The rock is soft enough to carve out for buildings but hard enough not to crumble.
We visited a house that had 6 floors carved out. It was comfortably fitted out with Turkish carpets.
Hollows had been carved into the walls for shelving.







































Goreme open air museum.
Early Christians carved chambers, vaults and labyrinths for use as churches, stables and homes.
There were painted church murals in the former rock-hewn monastery, nunnery and several churches.






Goreme is one of the oldest settlements of the region. Especially during the expansion period of Islam, 
this small town was occupied by the Christians who were under attack by the Arabic Muslim conquerers. 
Some of the earliest churches in this area date back to the 7th century A.D. St.Basil, from Kayseri,
established the first monastry in Goreme to educate missionaries.

Some murals date from as early as the 8th century, though the best are from the 10th to the 13th centuries.













Kaymakli, one of the underground cities.
The city is estimated to be occupied since the 5th century B.C.
During the following ages, it is known to be used by the Christians as a refuge against the Arab aggressors. 
They had a central air shaft that was a well in the bottom floors.

9 floors have been cleared so far. We went down 50 metres.
The city was sub-divided into separate sections for better defense purposes. 
The corridors were very narrow. But the living rooms, meeting halls, churches and other facilities were very comfortable.
The storage rooms were capable of storing enough food for the residents for many months. 
The air shafts and water wells were adequate for 15,000 people, living all together for a very long time.



Each section could be isolated from each other by closing the mill-stone shaped round rock gates with a diameter of 1.5m.
They had secret tunnels to watch the enemy.


A police station hewn out of the rock.
The tufa was easily worked with primative tools and the inhabitants learned early that sturdy dwellings could be cut from it with a minimum of fuss.
A cave could be carved out very quickly and, if the family expanded, more easy carving could produce a nursery or storeroom in next to no time.























Aeons worth of volcanic eruptions dumped layers of mud,ash,and lava on the area. Eventually these layers compressd and turned into tufa, a soft, porous rock.
Erosion by rain,snow, and wind created a fantastic relief of rock formations resembling chimneys, cones, needles, pillars and pyramids, 
often topped by perfectly balanced gigantic slabs of rock.
Then came earthquakes to add vast valleys and oxidation to give the area the final artistic touch: rocks "painted" yellow, pink, red, russet and grey-violet.

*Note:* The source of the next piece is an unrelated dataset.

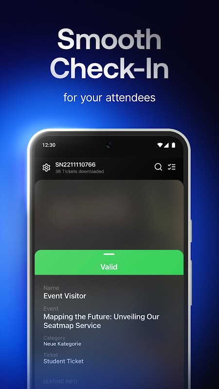 • क्यूआर कोड या बारकोड के माध्यम से टिकट स्कैन और मान्य करें

We visited a carpet "factory" for an excellent demonstration of carpet weaving.
Double and single knots were explained. Double knots are exclusively Turkish.
We also saw a demonstration of the extraction of silk thread from silkworms.

















The ruins of an old caravanserai (Tepesidellis) on the Old Silk Road that started in China and ended at either Ephesus or Istanbul.
Serai means place for caravans.



Mt. Arsan


Agzikarahn Caravanserai
A typical caravanserai which operated on the Arksaray Kayseri Highway (part of The Old Silk Road).
It has two parts, one opened and one covered, which are used for summer and winter time. It dates from 1231.
Besides sleeping quarters, a mosque and stables, there would have been shops and trading areas.



















We went to a Whirling Dervishes performance at Sarihan Caravanserai.
Serais were the "motels" for the caravans along the Silk road which ran from China to Ephesus or Istanbul.
People could stay for free for 3 days but there was a tax on the extensive trade that took place within.

Whirling Dervishes performance at Sarihan Caravanserai.
Dervish sects began appearing in Islamic countries from the 9th century.

The Whirling Dervishes order is based on the philosophies of Mevlana Rumi (1207-1273). 
It has principles of universal love and the oneness of creation, which states "to love man is to love God". 
The ritual takes the form of the sema, a ritual whirling dance whose purpose is to create a sphere of divine reality.
They had leather slippers to make it easier to spin on their own axis and white skirts with corded hems to make them spin out.